Segment Start: Given records
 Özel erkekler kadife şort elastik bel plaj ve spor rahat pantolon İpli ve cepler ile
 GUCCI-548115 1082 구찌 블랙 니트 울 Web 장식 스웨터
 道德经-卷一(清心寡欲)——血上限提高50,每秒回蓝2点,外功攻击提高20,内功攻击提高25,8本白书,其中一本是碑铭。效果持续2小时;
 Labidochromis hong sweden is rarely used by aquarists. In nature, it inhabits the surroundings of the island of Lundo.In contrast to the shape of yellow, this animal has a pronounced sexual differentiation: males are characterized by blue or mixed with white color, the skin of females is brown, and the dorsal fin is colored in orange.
Segment End: Given records
Segment Start: Given records
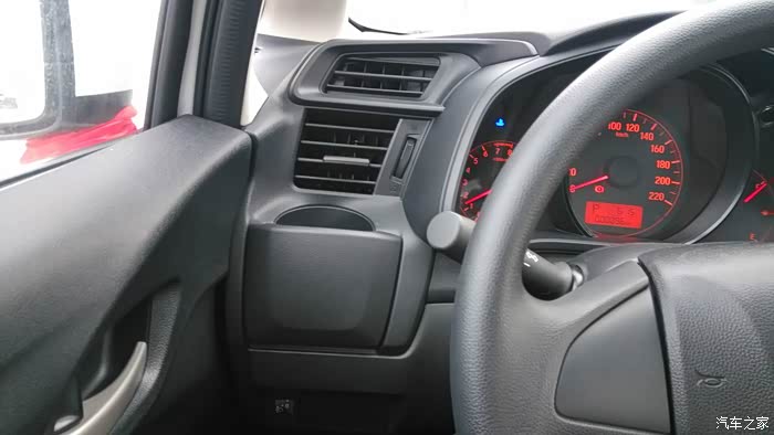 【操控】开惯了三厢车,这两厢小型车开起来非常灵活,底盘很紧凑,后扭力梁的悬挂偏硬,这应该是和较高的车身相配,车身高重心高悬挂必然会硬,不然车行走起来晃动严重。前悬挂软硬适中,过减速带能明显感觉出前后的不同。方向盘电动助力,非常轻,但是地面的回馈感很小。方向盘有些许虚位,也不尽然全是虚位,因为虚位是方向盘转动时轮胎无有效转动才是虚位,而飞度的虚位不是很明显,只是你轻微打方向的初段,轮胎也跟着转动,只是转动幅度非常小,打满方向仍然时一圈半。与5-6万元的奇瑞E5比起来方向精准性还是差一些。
Segment End: Given records
### Requirement
Starting at the line above that holds "Özel erkekler kadife" and ending at the line that holds "道德经-卷一(清心寡欲)——", transcribe each line exactly and include no other lines.

### Expected answer
 Özel erkekler kadife şort elastik bel plaj ve spor rahat pantolon İpli ve cepler ile
 GUCCI-548115 1082 구찌 블랙 니트 울 Web 장식 스웨터
 道德经-卷一(清心寡欲)——血上限提高50,每秒回蓝2点,外功攻击提高20,内功攻击提高25,8本白书,其中一本是碑铭。效果持续2小时;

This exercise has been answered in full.